Statistical Analysis

Calculations and analyses were performed with standard functions of the SEER*Stat software.22 Given the different incidence patterns, analyses were performed separately for males and females. Two-tailed P value for significance was set a priori at .05. Incidence rates were age-adjusted to the 2000 US standard population (19 age groups; census P25-1130)20,21 to minimize potential confounding by differences of age distribution over time. In brief, the crude rates (number of new cases in the US population per year for each age and sex group) were used to generate a weighted average, in which the weights are proportional to the corresponding age group from the standard population. The methods of Tiwari et al23 were used to calculate 95% CIs.

Trends in incidence rate for the most recent decade of data available (2006-2015) were calculated using 2-year averages with annual percentage change calculated by the weighted least squares method,24,25 age-adjusted to the 2000 US standard population, and performed separately for males and females as described above.
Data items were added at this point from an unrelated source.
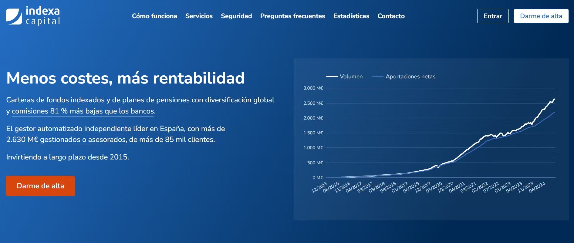 Actualmente Indexa gestiona más de 2.500 M€ y cuentan con 80k clientes, siendo la cartera media por cliente de 30k€.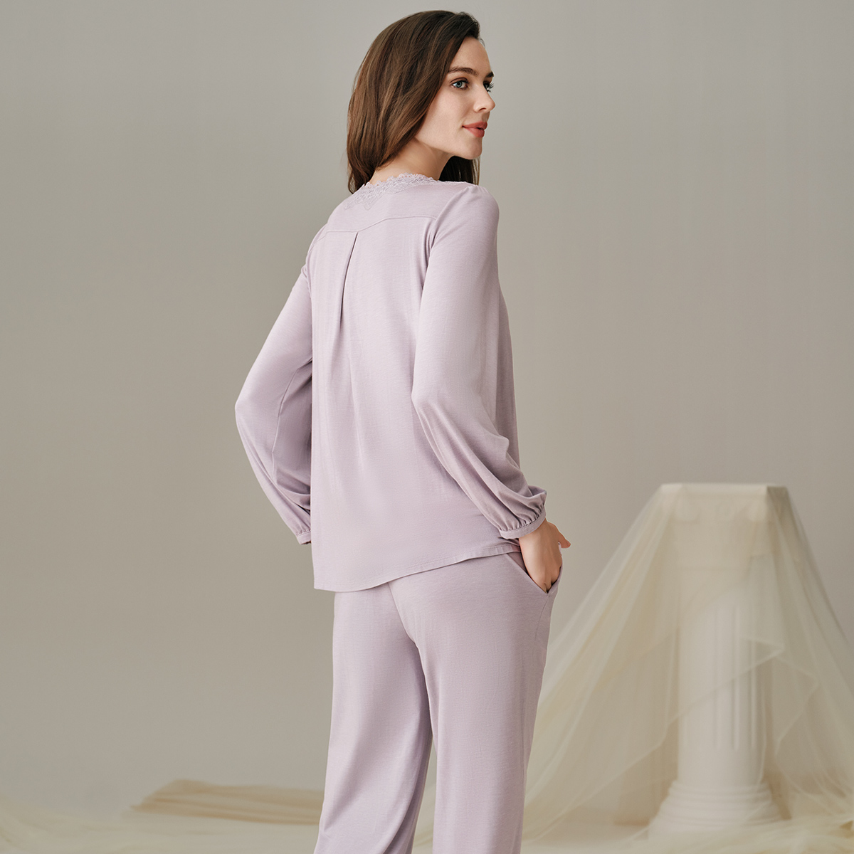 休闲家居服套装 男女同款 可出门 女长袖 安比斯情侣睡衣舒适纯棉秋季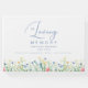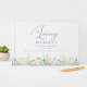Minimalistiskt "In Loving Memory" firande av livet, vit begravningsgäst bok, elegant, underbart handskriftsteckensnitt och vissnblommor.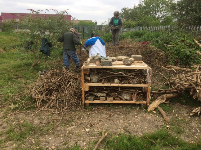The other volunteers got to work creating the bug hotel from bits of brick, rubble and logs found on site, while others created a smaller hibernaculum on the other side of the site with cuttings that had been left on site.
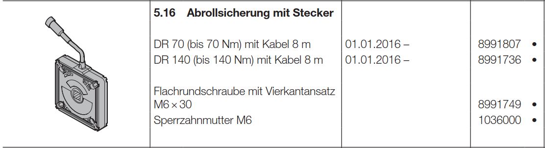Hörmann Abrollsicherung mit Stecker DR 70 (bis 70 Nm) HG 75 TD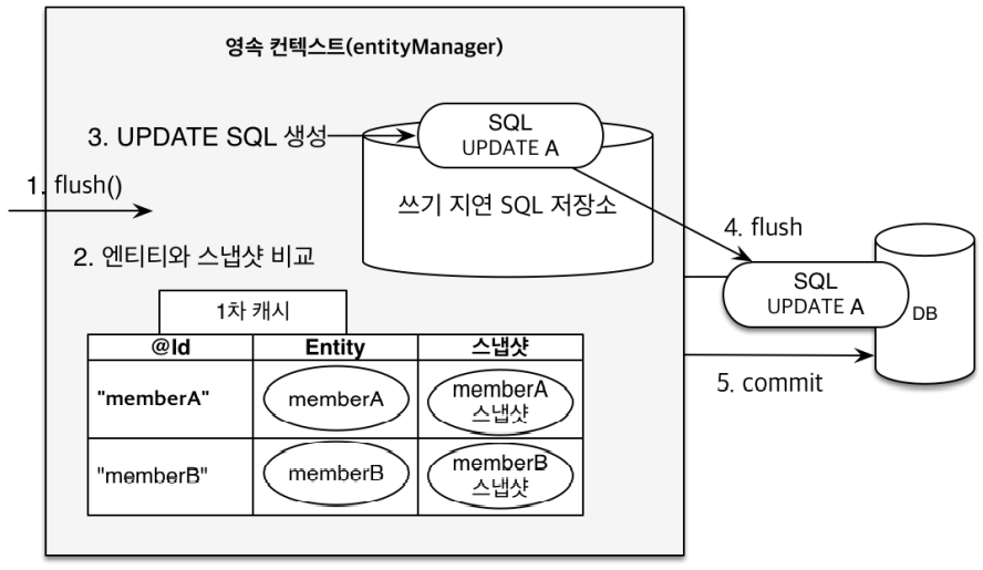 - JPA는 엔티티와 스냅샷을 비교해서 변경이 일어난 것이 있으면, UPDATE 쿼리를 생성해 쓰기 지연 SQL 저장소에 저장한다.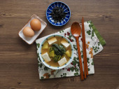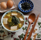 Koreański żywności soi i szpinaku wklej gulasz, doenjangguk, zupa miso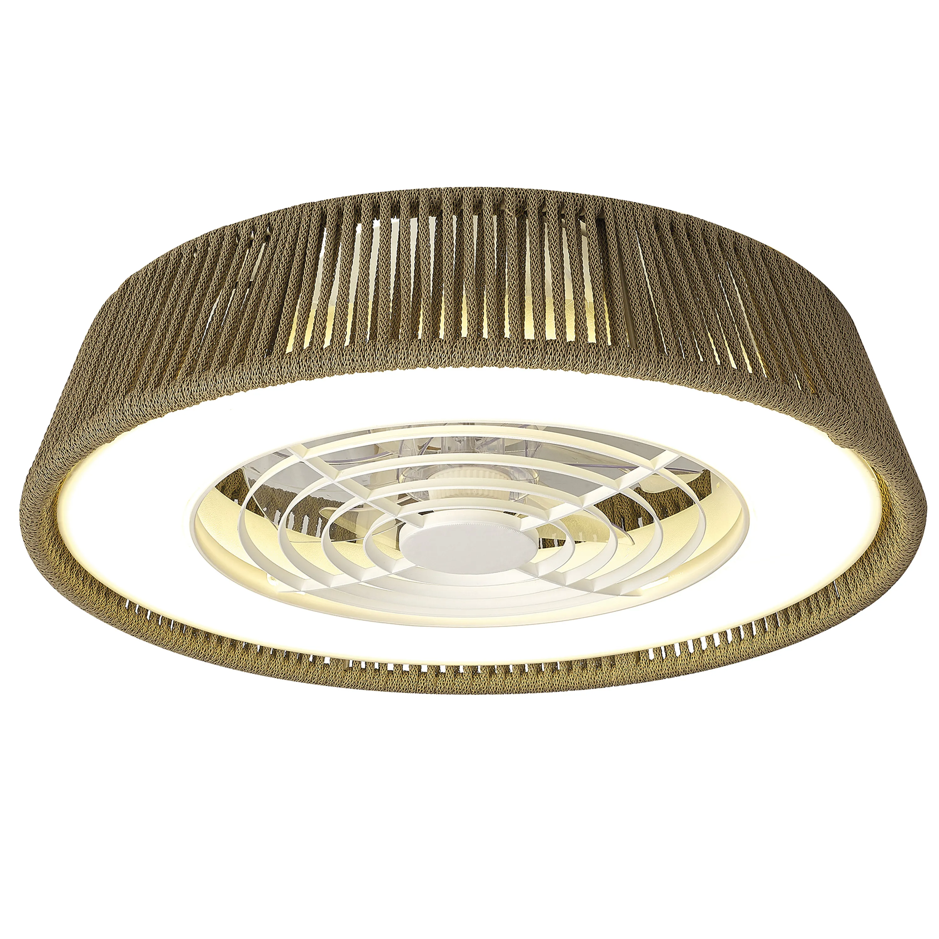 Вентилятор мощностью 35 Вт и 25 Вт установлен за сеткой абажура с замысловатым узором, который создает оптическую иллюзию и добавляет вентилятору эстетичности.

These trends were calculated within SEER*Stat software22; detailed formulas used in this calculation are available.26 Data analysis was performed from July 1, 2018, to March 1, 2019.

Results

Patient Characteristics

Of 988 103 invasive melanoma cases reported to SEER-NPCR between 2001 and 2015, 40 425 cases (4.1%) were diagnosed in persons younger than 30 years. Children (age, 0-9 years) differed substantially from adolescents (age, 10-19 years) and young adults (age, 20-29 years) in terms of demographics (Table). Compared with younger children, adolescents and young adults were more likely to be female (children, 474 [53.3%]; adolescents, 3251 [59.4%]; and young adults, 23 397 [68.7%]), non-Hispanic white (children, 675 [78.3%]; adolescents, 4824 [92.5%]; and young adults [30 484 [94.8%]), present with a primary melanoma on the trunk (children, 162 [18.2%]; adolescents, 1980 [36.2%]; and young adults, 13 719 [40.3%]), and/or have a superficial spreading melanoma (children, 82 [9.2%]; adolescents, 1764 [32.2%]; and young adults, 12 981 [38.1%]). Adolescents and young adults were less likely than younger children to present with metastatic disease (age 0-9 years: 46 [5.2%], 10-19 years: 114 [2.1%], and 20-29 years: 840 [2.5%]) or with a lesion on the head and neck (children, 259 [29.1%]; adolescents, 1087 [19.9%]; and young adults, 4420 [13.0%]).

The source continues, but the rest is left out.